### Work to be completed:
Print every entry exactly as written and exclude all images.

### Entries provided:
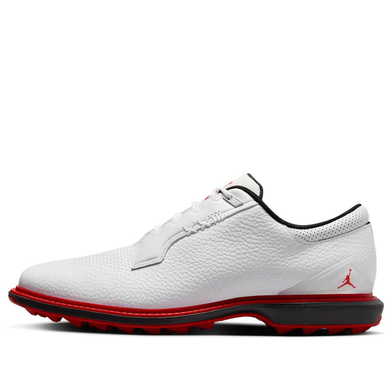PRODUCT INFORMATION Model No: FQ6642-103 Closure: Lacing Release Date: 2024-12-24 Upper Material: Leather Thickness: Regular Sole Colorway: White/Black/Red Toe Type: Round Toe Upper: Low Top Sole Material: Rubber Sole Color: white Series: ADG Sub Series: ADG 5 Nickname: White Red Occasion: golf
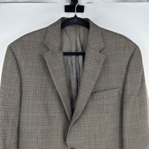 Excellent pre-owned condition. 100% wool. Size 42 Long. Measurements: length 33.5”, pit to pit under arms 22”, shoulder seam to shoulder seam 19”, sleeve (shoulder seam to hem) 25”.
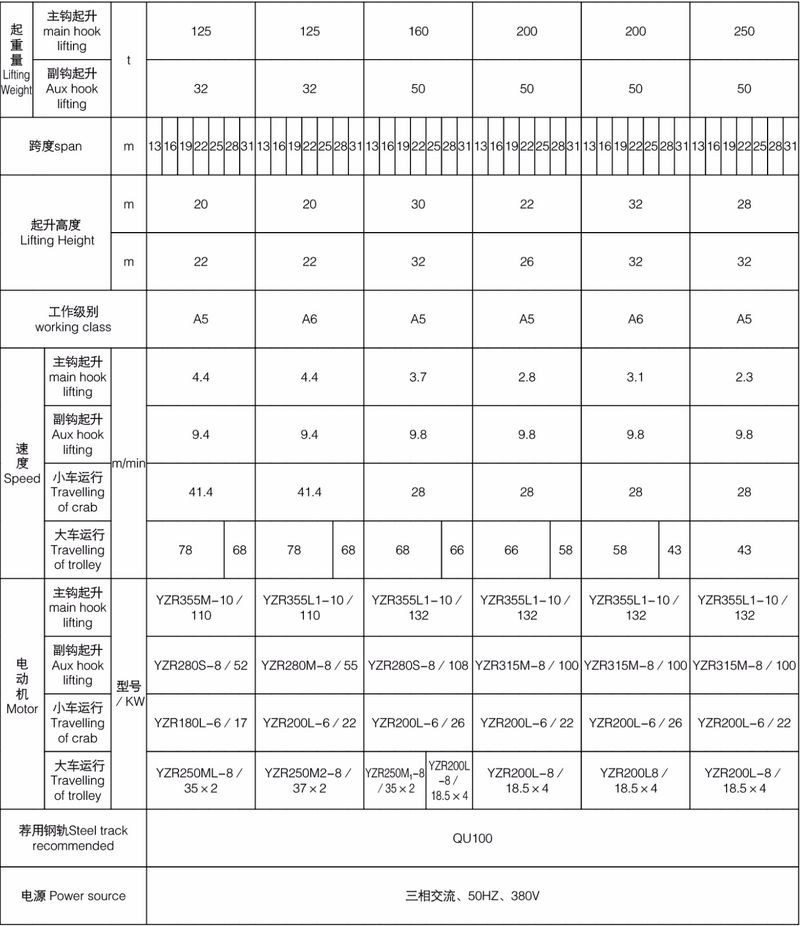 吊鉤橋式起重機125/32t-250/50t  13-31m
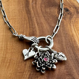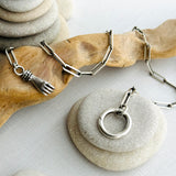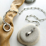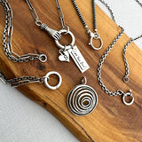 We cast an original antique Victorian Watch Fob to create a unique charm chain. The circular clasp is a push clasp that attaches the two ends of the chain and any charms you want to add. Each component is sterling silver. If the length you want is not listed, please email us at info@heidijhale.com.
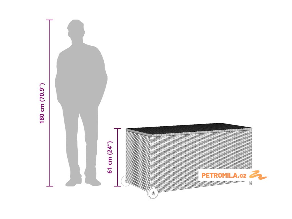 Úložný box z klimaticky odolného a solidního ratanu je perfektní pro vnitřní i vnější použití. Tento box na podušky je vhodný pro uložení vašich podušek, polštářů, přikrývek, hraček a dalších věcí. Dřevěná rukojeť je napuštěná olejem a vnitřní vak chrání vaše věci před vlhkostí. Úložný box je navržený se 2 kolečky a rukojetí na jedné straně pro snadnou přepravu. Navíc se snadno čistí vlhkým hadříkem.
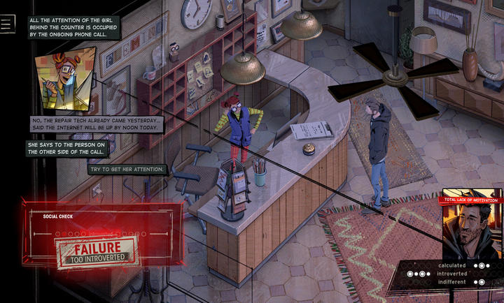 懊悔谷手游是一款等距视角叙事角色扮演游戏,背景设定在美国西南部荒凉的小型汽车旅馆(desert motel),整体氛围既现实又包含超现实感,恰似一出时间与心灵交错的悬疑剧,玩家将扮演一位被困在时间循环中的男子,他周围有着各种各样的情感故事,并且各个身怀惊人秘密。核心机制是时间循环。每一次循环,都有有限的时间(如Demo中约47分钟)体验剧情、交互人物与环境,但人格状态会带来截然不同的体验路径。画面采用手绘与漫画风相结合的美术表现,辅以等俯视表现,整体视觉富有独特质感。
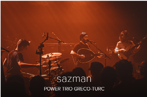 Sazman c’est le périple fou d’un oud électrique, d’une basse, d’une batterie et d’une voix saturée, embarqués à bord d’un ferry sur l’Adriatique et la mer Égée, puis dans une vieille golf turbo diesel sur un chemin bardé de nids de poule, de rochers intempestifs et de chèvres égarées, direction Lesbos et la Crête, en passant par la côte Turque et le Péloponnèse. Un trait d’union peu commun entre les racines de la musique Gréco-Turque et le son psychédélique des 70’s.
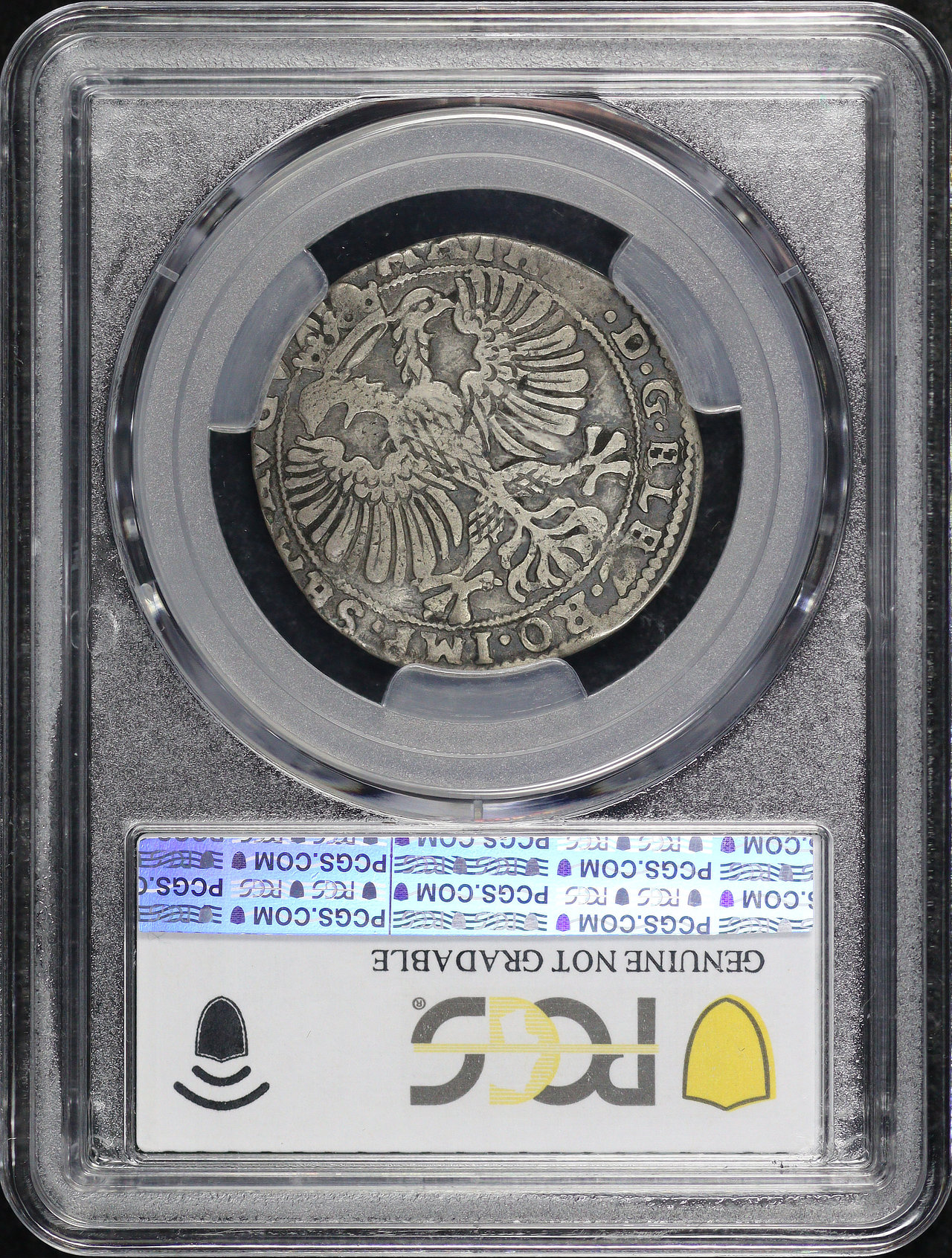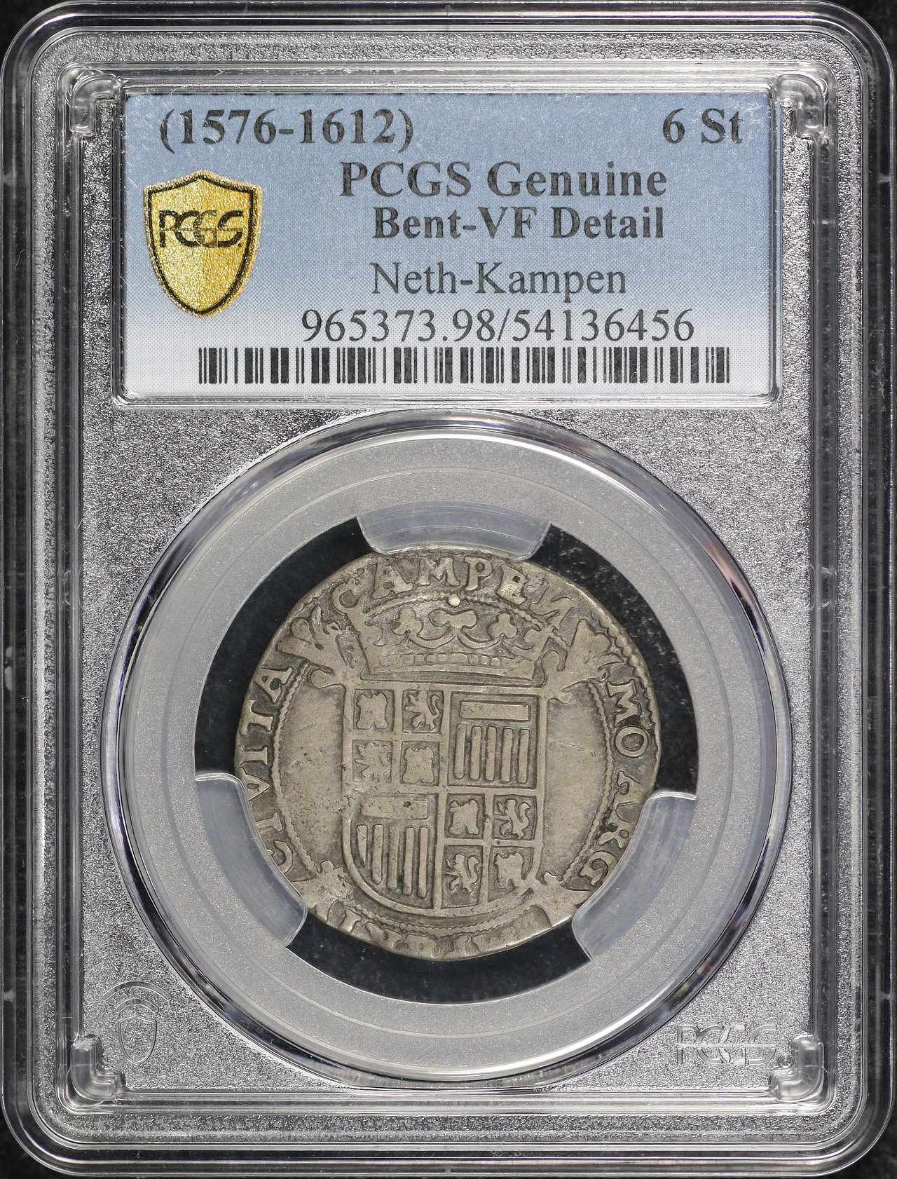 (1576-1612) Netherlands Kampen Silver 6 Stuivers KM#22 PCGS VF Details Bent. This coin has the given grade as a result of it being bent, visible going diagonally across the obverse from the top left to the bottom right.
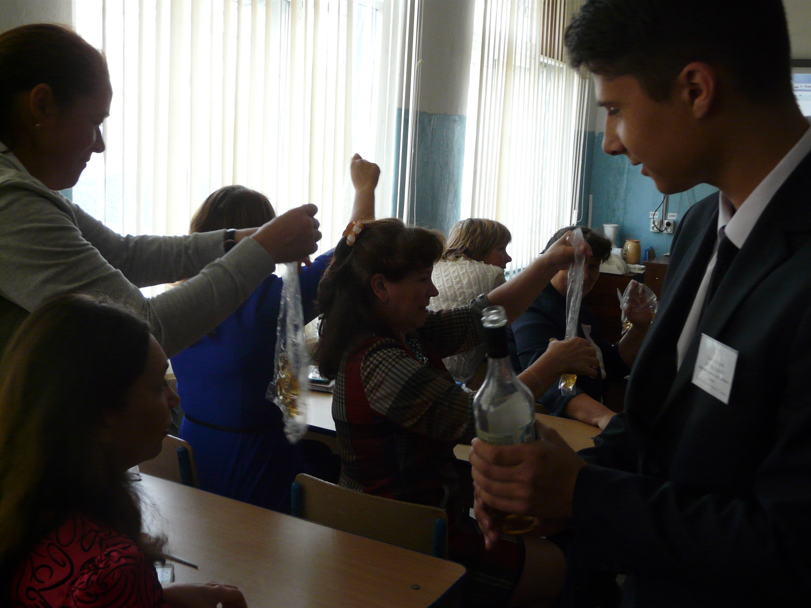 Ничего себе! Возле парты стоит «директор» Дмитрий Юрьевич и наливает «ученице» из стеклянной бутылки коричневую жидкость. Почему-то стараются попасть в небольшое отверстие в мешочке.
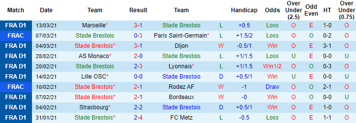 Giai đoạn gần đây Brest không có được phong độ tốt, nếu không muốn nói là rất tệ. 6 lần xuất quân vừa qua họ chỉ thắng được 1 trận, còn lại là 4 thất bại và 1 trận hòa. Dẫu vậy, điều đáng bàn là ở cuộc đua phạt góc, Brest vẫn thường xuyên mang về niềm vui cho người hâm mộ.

### Answer to this problem:
PRODUCT INFORMATION Model No: FQ6642-103 Closure: Lacing Release Date: 2024-12-24 Upper Material: Leather Thickness: Regular Sole Colorway: White/Black/Red Toe Type: Round Toe Upper: Low Top Sole Material: Rubber Sole Color: white Series: ADG Sub Series: ADG 5 Nickname: White Red Occasion: golf
 Excellent pre-owned condition. 100% wool. Size 42 Long. Measurements: length 33.5”, pit to pit under arms 22”, shoulder seam to shoulder seam 19”, sleeve (shoulder seam to hem) 25”.
 吊鉤橋式起重機125/32t-250/50t  13-31m
 We cast an original antique Victorian Watch Fob to create a unique charm chain. The circular clasp is a push clasp that attaches the two ends of the chain and any charms you want to add. Each component is sterling silver. If the length you want is not listed, please email us at info@heidijhale.com.
 Úložný box z klimaticky odolného a solidního ratanu je perfektní pro vnitřní i vnější použití. Tento box na podušky je vhodný pro uložení vašich podušek, polštářů, přikrývek, hraček a dalších věcí. Dřevěná rukojeť je napuštěná olejem a vnitřní vak chrání vaše věci před vlhkostí. Úložný box je navržený se 2 kolečky a rukojetí na jedné straně pro snadnou přepravu. Navíc se snadno čistí vlhkým hadříkem.
 懊悔谷手游是一款等距视角叙事角色扮演游戏,背景设定在美国西南部荒凉的小型汽车旅馆(desert motel),整体氛围既现实又包含超现实感,恰似一出时间与心灵交错的悬疑剧,玩家将扮演一位被困在时间循环中的男子,他周围有着各种各样的情感故事,并且各个身怀惊人秘密。核心机制是时间循环。每一次循环,都有有限的时间(如Demo中约47分钟)体验剧情、交互人物与环境,但人格状态会带来截然不同的体验路径。画面采用手绘与漫画风相结合的美术表现,辅以等俯视表现,整体视觉富有独特质感。
 Sazman c’est le périple fou d’un oud électrique, d’une basse, d’une batterie et d’une voix saturée, embarqués à bord d’un ferry sur l’Adriatique et la mer Égée, puis dans une vieille golf turbo diesel sur un chemin bardé de nids de poule, de rochers intempestifs et de chèvres égarées, direction Lesbos et la Crête, en passant par la côte Turque et le Péloponnèse. Un trait d’union peu commun entre les racines de la musique Gréco-Turque et le son psychédélique des 70’s.
 (1576-1612) Netherlands Kampen Silver 6 Stuivers KM#22 PCGS VF Details Bent. This coin has the given grade as a result of it being bent, visible going diagonally across the obverse from the top left to the bottom right.
 Ничего себе! Возле парты стоит «директор» Дмитрий Юрьевич и наливает «ученице» из стеклянной бутылки коричневую жидкость. Почему-то стараются попасть в небольшое отверстие в мешочке.
 Giai đoạn gần đây Brest không có được phong độ tốt, nếu không muốn nói là rất tệ. 6 lần xuất quân vừa qua họ chỉ thắng được 1 trận, còn lại là 4 thất bại và 1 trận hòa. Dẫu vậy, điều đáng bàn là ở cuộc đua phạt góc, Brest vẫn thường xuyên mang về niềm vui cho người hâm mộ.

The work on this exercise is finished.